Education is one of the most important components of a successful interaction with the board. Most board members are not security experts, so you’ll need to spend some time with each member to ensure they understand and agree with the information you’ll be presenting. For example, I’ve spoken with specific board members about our risk management process to help ensure our approach is understood and aligned with their objectives.
Board members also want to understand major risks to the business and planned mitigations. To do this, my team relies on the FAIR risk assessment methodology, which assigns a frequency and dollar cost to risks. We then map mitigation activities to these risks and provide some sense for how much each investment will reduce the overall risk to the business.

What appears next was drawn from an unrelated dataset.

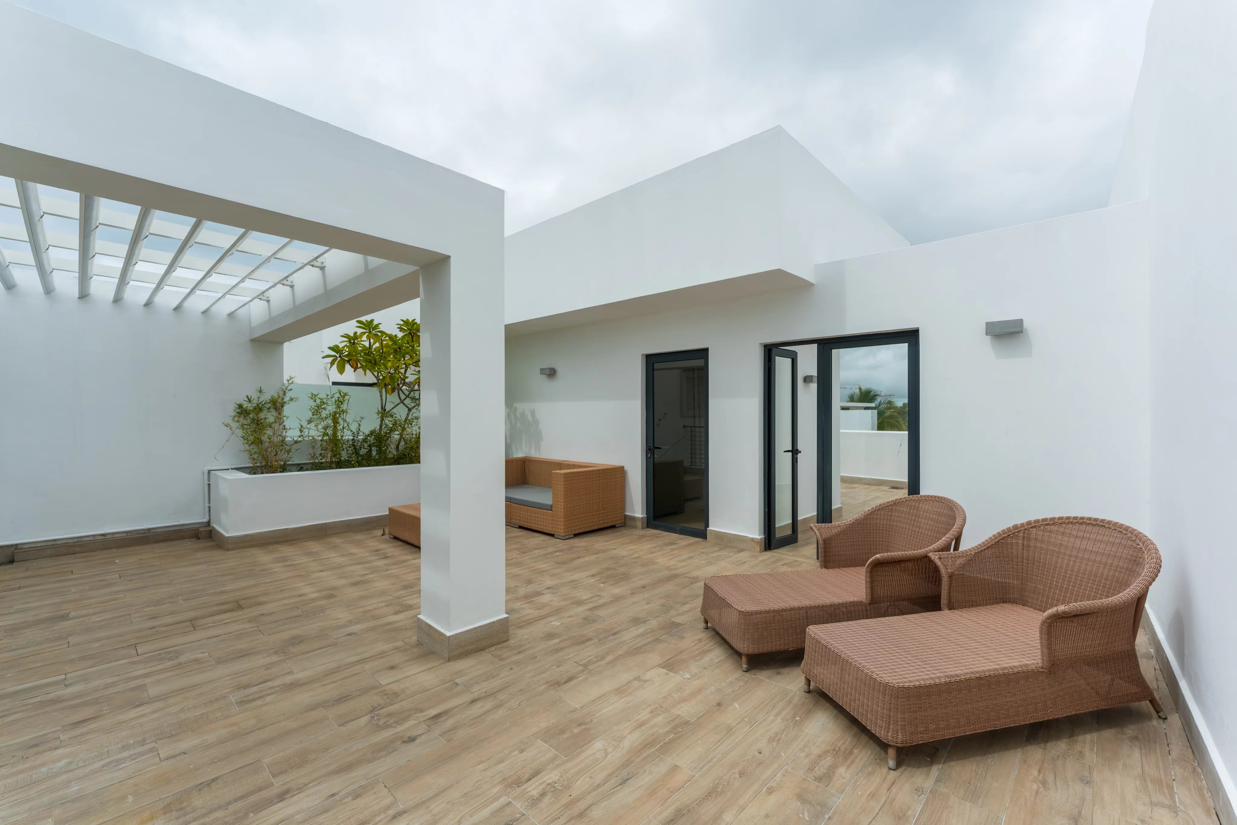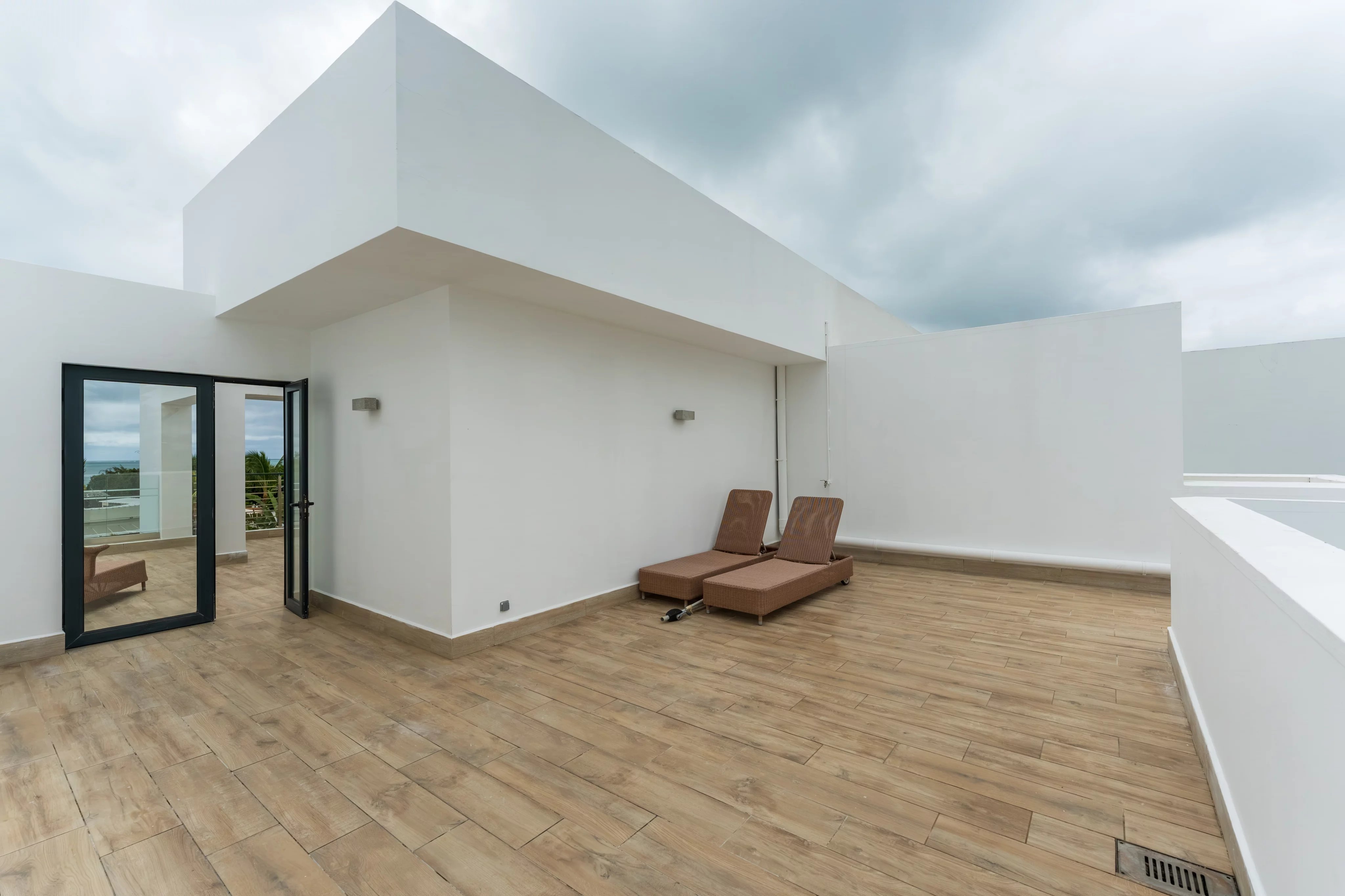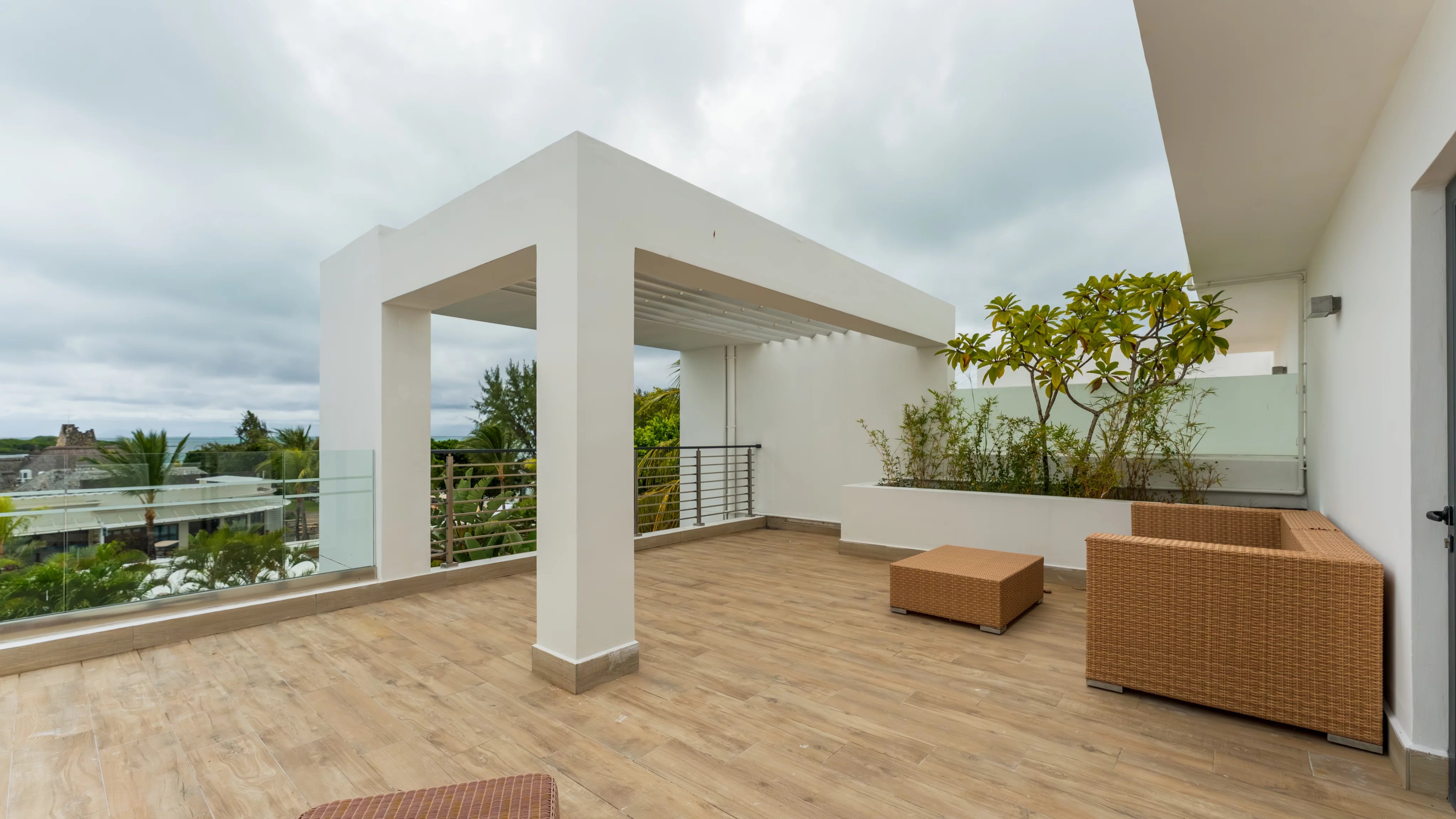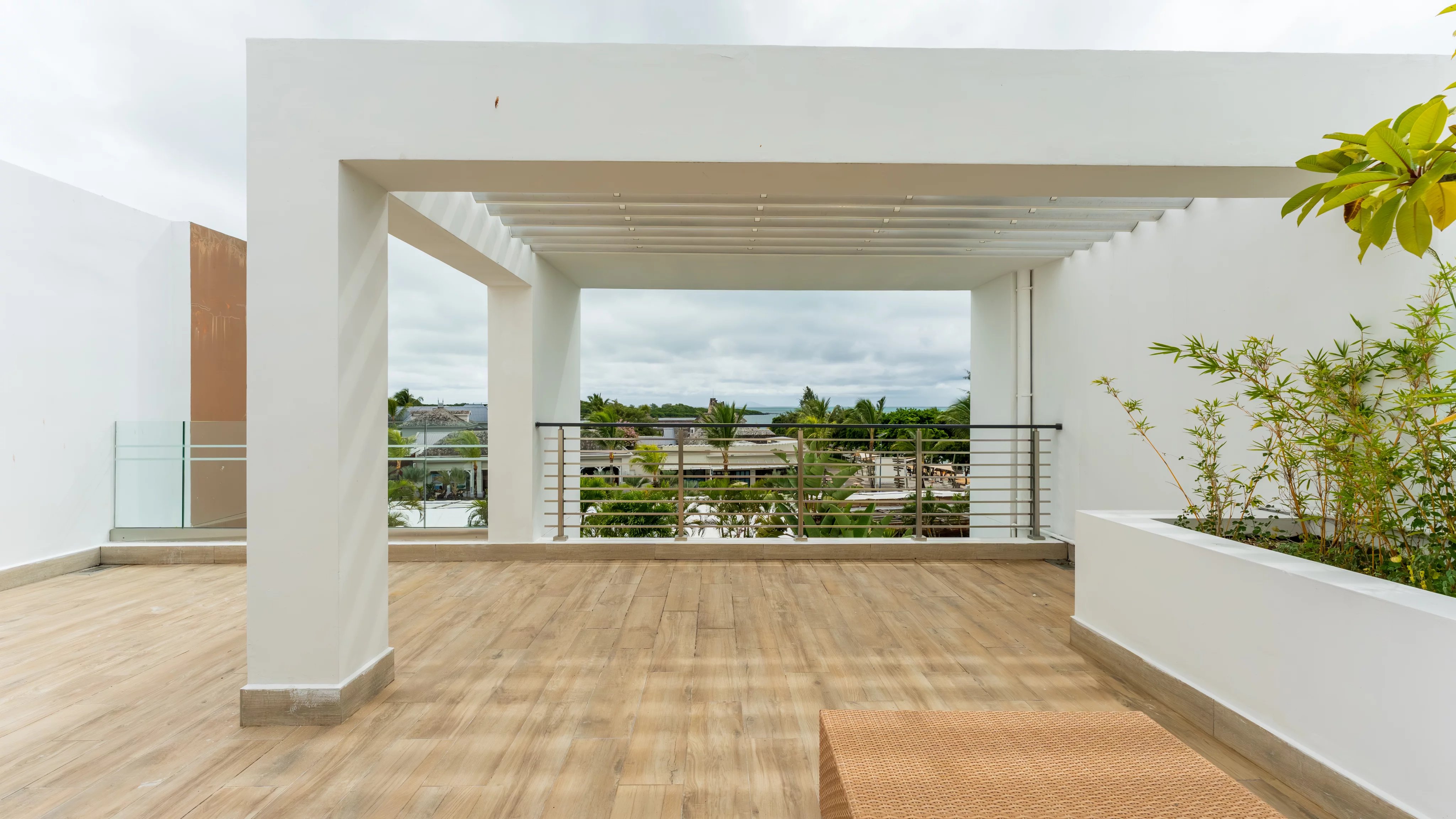 Le dernier niveau dévoile un rooftop privatif exceptionnel, véritable espace de vie à ciel ouvert avec vue panoramique sur la mer, le village et le lagon, parfait pour se détendre ou profiter de soirées au coucher du soleil.

Finally, boards want metrics that communicate the overall state of the security program. Our team uses metrics, aligned with the NIST Cybersecurity Framework, to communicate our organisation’s maturity and effectiveness. Effective metrics should be directly related to risk of an incident and trend – either up or down – over time. Some of the most effective metrics we’ve used include mean time to patch critical vulnerabilities and the percentage of both unmanaged assets and endpoints that are not in compliance with our defined security baseline configuration. I rely on Tanium to collect these metrics.
Social media is everywhere. So how much of it is a security issue in the workplace? Have you had to run training exercise plans for employees within your organisation?
Social media can be an ideal hunting ground for cybercriminals. The droves of data we post online can be used against us through targeted phishing attacks. By publishing details about our workplace or current occupation, hackers can personalise their approach to compromise our work email or device – whether through a fake email from the boss, or a bugged PDF from Harry in accounts claiming to have details of your upcoming bonus. Its important colleagues are aware of the risks, and are shown how to recognise malicious and untrustworthy emails.
At Tanium, training is incredibly important to us and we regularly conduct sessions with every member our staff to ensure that they are aware of potential pitfalls and solutions when it comes to addressing cyber threats.
It is important to remember there are two sides to every effective cyber defence. Well-prepared staff is one part: technological capability is another. Without modern tools in place to give you visibility and control over your network, you will inevitably face a breach.
What would be your No.1 piece of cybersecurity advice as we begin 2018?
Know your endpoints. You would be astonished at the number of organisations that don’t have clear visibility of their operating environment. In our experience, organisations do not manage or secure 15% to 20% of their endpoints simply because they don’t know they exist. It’s impossible to assess the risk or protect a device you don’t know exists.